Records to process:

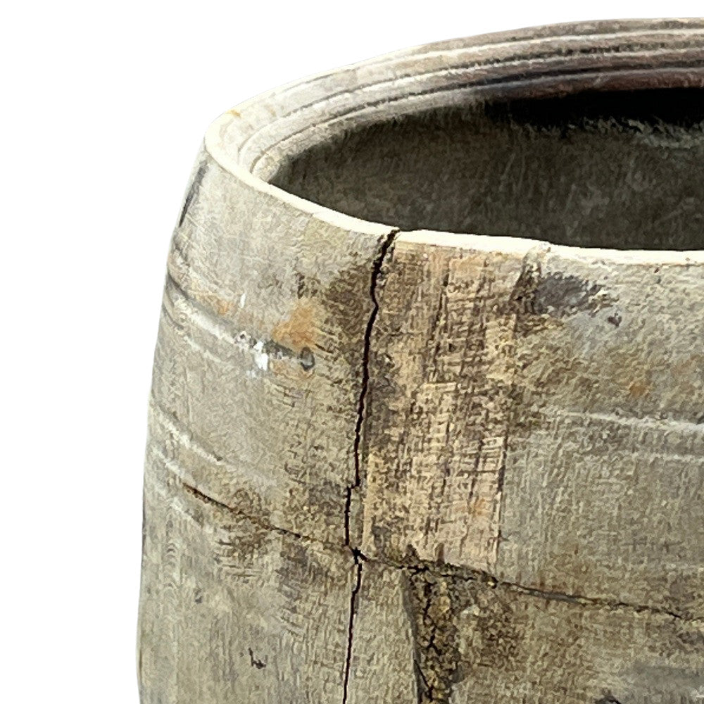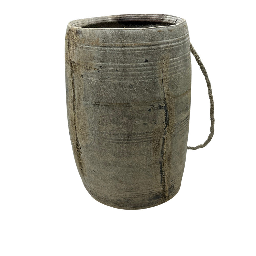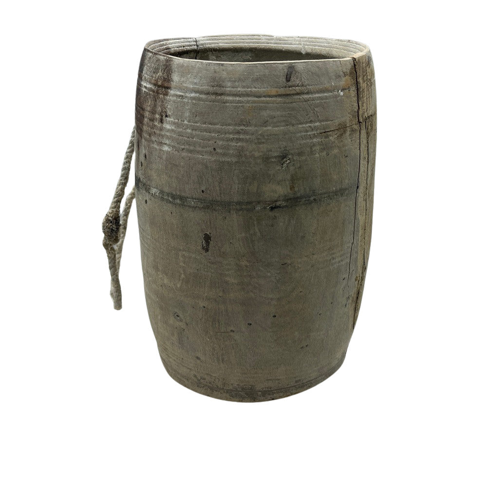 These vintage wood pots from India are truly special and when one considers they were carved from a single piece of wood many years ago, it makes them all the more special. It features a charming weathered rope detail that serves as a handle. The narrow top is specifically made to serve its purpose for storage of butter and milk. Great look for a farmhouse environment or with some decorative reeds, these add the right amount of texture to your space.
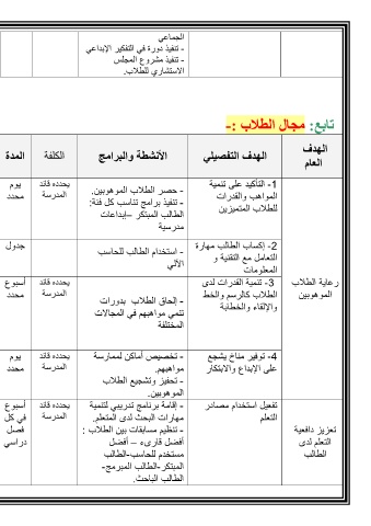 المدرسة محدد -حصر الطلاب الموهوبين. -1التأكيد على تنمية رعاية الطلاب
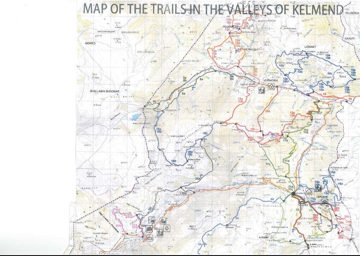 Eine Faltkarte mit dem Titel Kelmend, the land of the living past ist u.a. im Infopoint in Tamara kostenlos erhältlich. Enthalten ist neben einer Übersicht der Gästehäuser eine Liste der Wanderwege und eine gute Karte:
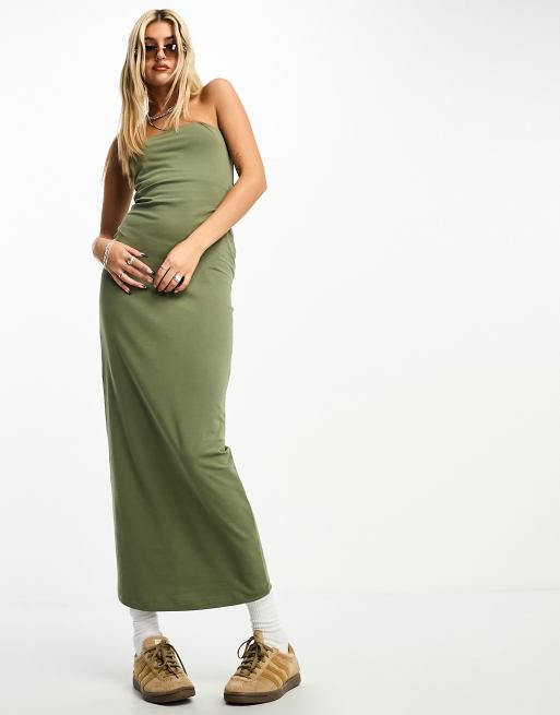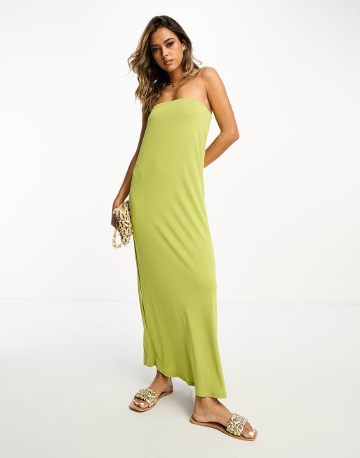 Khaki bandeau maxi clearance dress, ASOS DESIGN bandeau maxi dress in chartreuse ASOS clearance
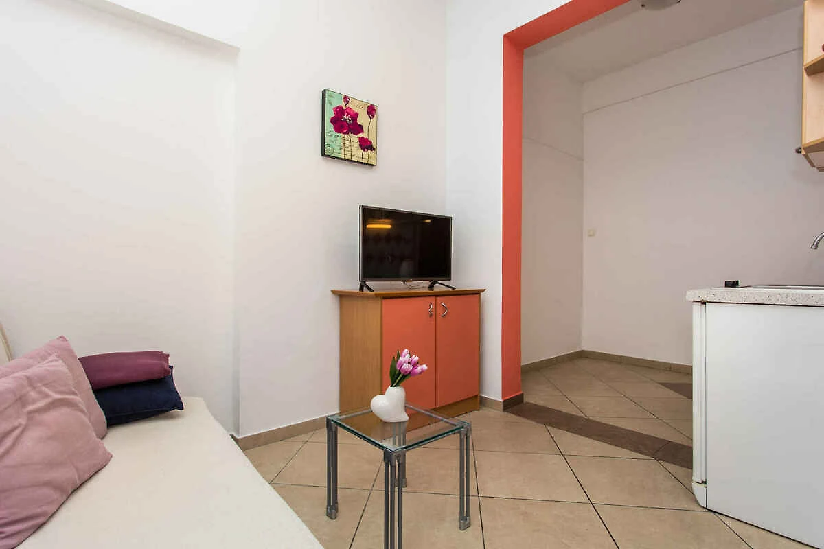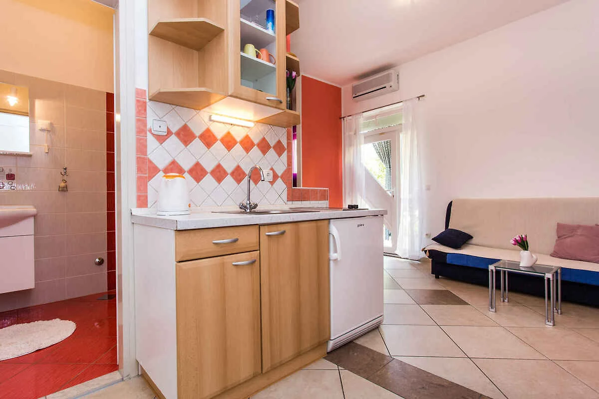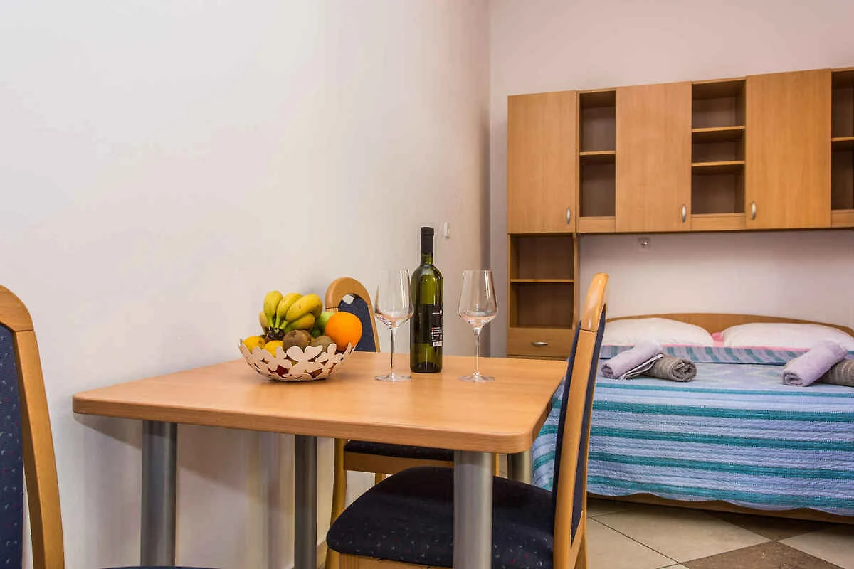 Ligging: Baška. De studio ligt in een appartementenhuis en is in lokale stijl ingericht. Het grondstuk is aan de rand van de plaats. Deze plaats is populair vanwege het ligt op een rustige plek. Uitzicht op het erf Bij het huis zijn parkeerplaatsen op het perceel beschikbaar. De dichtsbijzijnde winkels zijn op 50 m afstand, restaurant 50 m en centrum 50 m. Baska: discotheek 150 m en dokter, apotheek, bank elk 50 m. vliegveld in Rijeka 40 km.
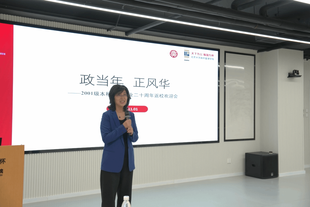 随后,句华代表学院致辞。她系统介绍了政府管理学院近二十年来在学科建设、师资发展、人才培养、科研成果及学院设施等方面的长足进步,并对院友们长期以来对学院的关注与支持表示感谢。句华强调,院友是学院最宝贵的财富,学院今日的成就离不开一代代院友的积淀与回馈。
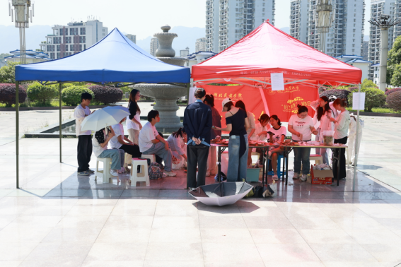 4月25日,湖北民族大学中医仲景协会与“心之桥”协会在桂花园广场,联合举办中草药拓印香囊DIY活动。
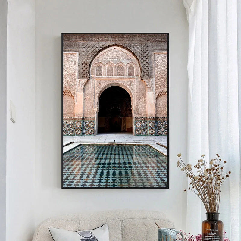 Марокканская АРКА, Картина на холсте со старой дверью, исламское здание, настенный плакат, украшение Хасана II, мечеть, картина, печать, современный мусульманский плакат
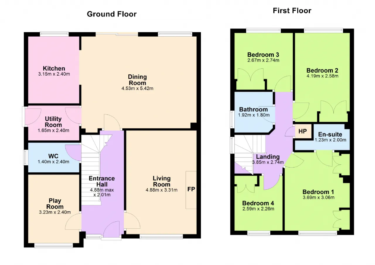 The ground floor offers a well-balanced and versatile layout. A light-filled open-plan kitchen, dining, and living area provides the perfect setting for modern family life, while a cosy front sitting room with a wood-burning stove offers an inviting retreat. An additional reception room on the ground floor could be used as a playroom, home office or fifth bedroom. A utility room and guest W.C. complete the ground floor accommodation.
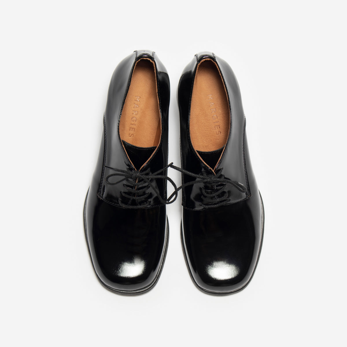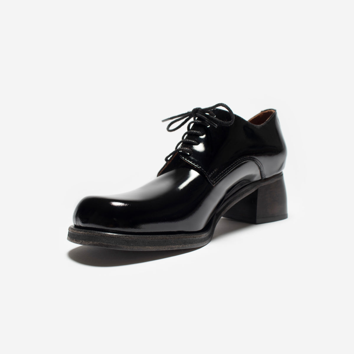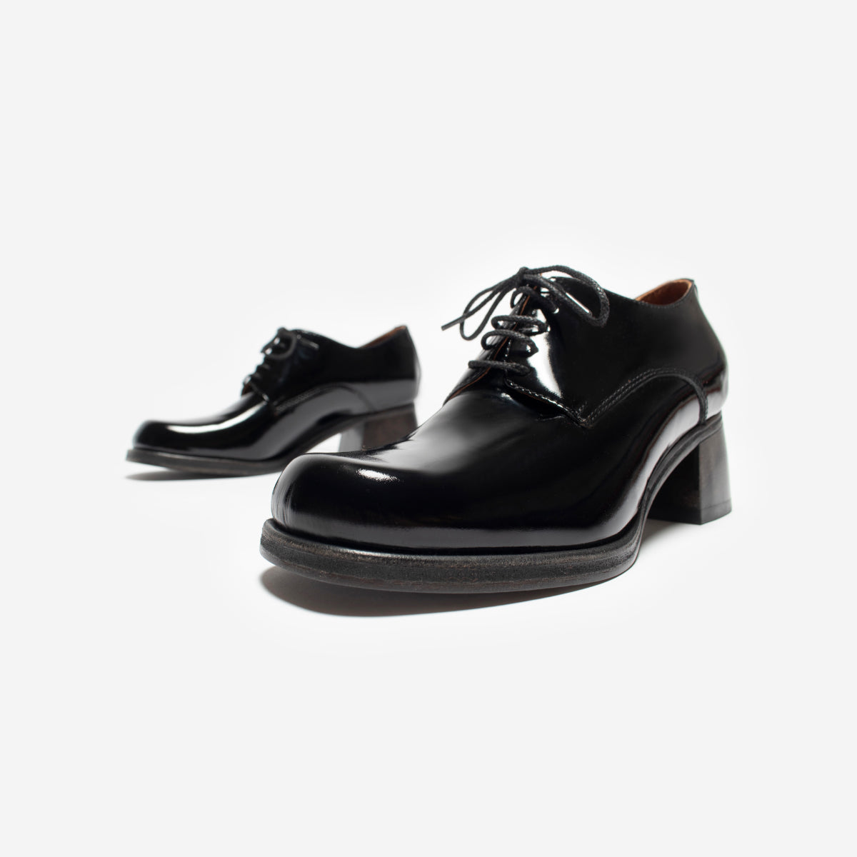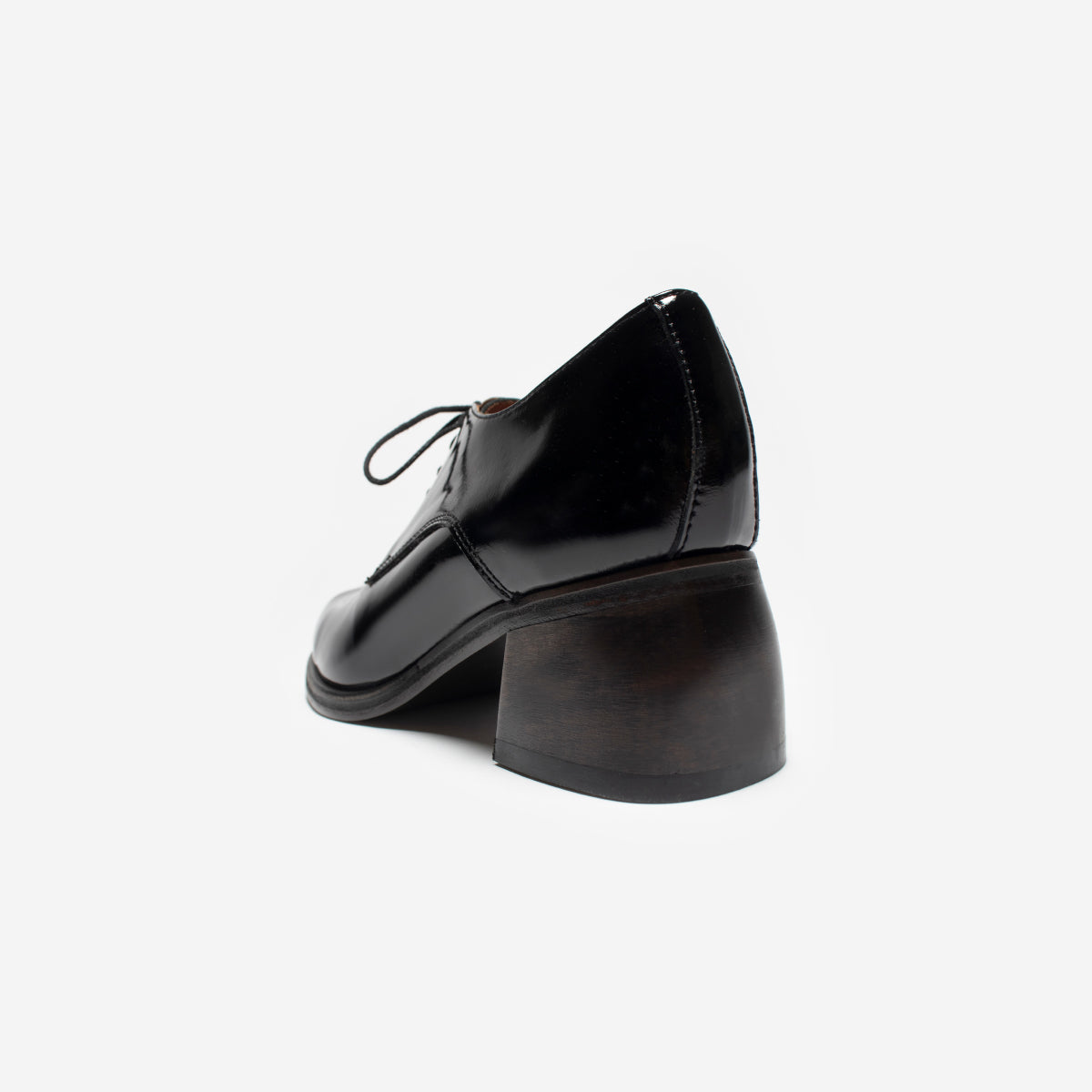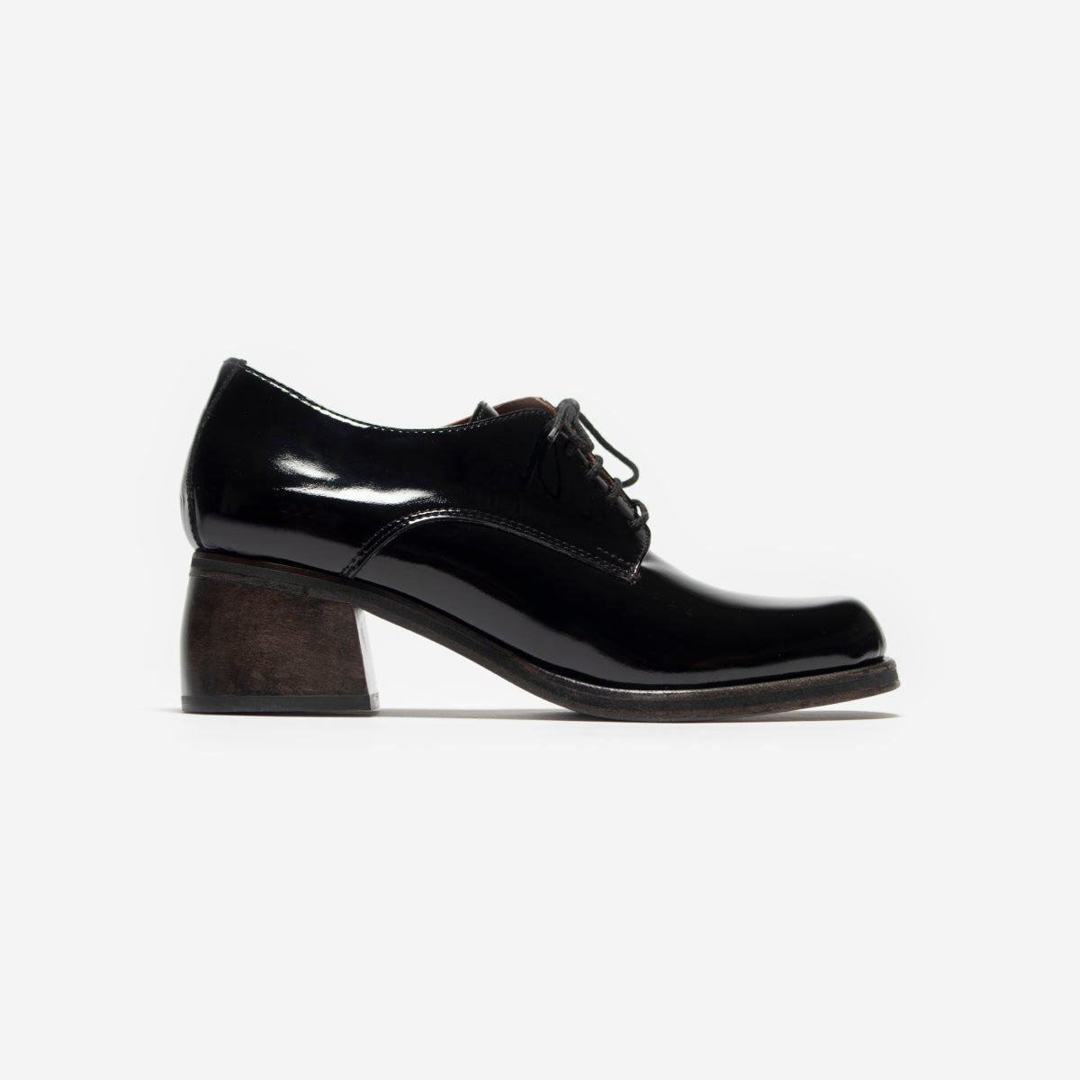 Abotinado Vali Charol Negro, exterior, interior y plantilla de cuero.Taco de 5cm de alto de madera oscura

Your goal:
With the pictures omitted, reproduce the data above exactly.

The completed task:
 These vintage wood pots from India are truly special and when one considers they were carved from a single piece of wood many years ago, it makes them all the more special. It features a charming weathered rope detail that serves as a handle. The narrow top is specifically made to serve its purpose for storage of butter and milk. Great look for a farmhouse environment or with some decorative reeds, these add the right amount of texture to your space.
 المدرسة محدد -حصر الطلاب الموهوبين. -1التأكيد على تنمية رعاية الطلاب
 Eine Faltkarte mit dem Titel Kelmend, the land of the living past ist u.a. im Infopoint in Tamara kostenlos erhältlich. Enthalten ist neben einer Übersicht der Gästehäuser eine Liste der Wanderwege und eine gute Karte:
 Khaki bandeau maxi clearance dress, ASOS DESIGN bandeau maxi dress in chartreuse ASOS clearance
 Ligging: Baška. De studio ligt in een appartementenhuis en is in lokale stijl ingericht. Het grondstuk is aan de rand van de plaats. Deze plaats is populair vanwege het ligt op een rustige plek. Uitzicht op het erf Bij het huis zijn parkeerplaatsen op het perceel beschikbaar. De dichtsbijzijnde winkels zijn op 50 m afstand, restaurant 50 m en centrum 50 m. Baska: discotheek 150 m en dokter, apotheek, bank elk 50 m. vliegveld in Rijeka 40 km.
 随后,句华代表学院致辞。她系统介绍了政府管理学院近二十年来在学科建设、师资发展、人才培养、科研成果及学院设施等方面的长足进步,并对院友们长期以来对学院的关注与支持表示感谢。句华强调,院友是学院最宝贵的财富,学院今日的成就离不开一代代院友的积淀与回馈。
 4月25日,湖北民族大学中医仲景协会与“心之桥”协会在桂花园广场,联合举办中草药拓印香囊DIY活动。
 Марокканская АРКА, Картина на холсте со старой дверью, исламское здание, настенный плакат, украшение Хасана II, мечеть, картина, печать, современный мусульманский плакат
 The ground floor offers a well-balanced and versatile layout. A light-filled open-plan kitchen, dining, and living area provides the perfect setting for modern family life, while a cosy front sitting room with a wood-burning stove offers an inviting retreat. An additional reception room on the ground floor could be used as a playroom, home office or fifth bedroom. A utility room and guest W.C. complete the ground floor accommodation.
 Abotinado Vali Charol Negro, exterior, interior y plantilla de cuero.Taco de 5cm de alto de madera oscura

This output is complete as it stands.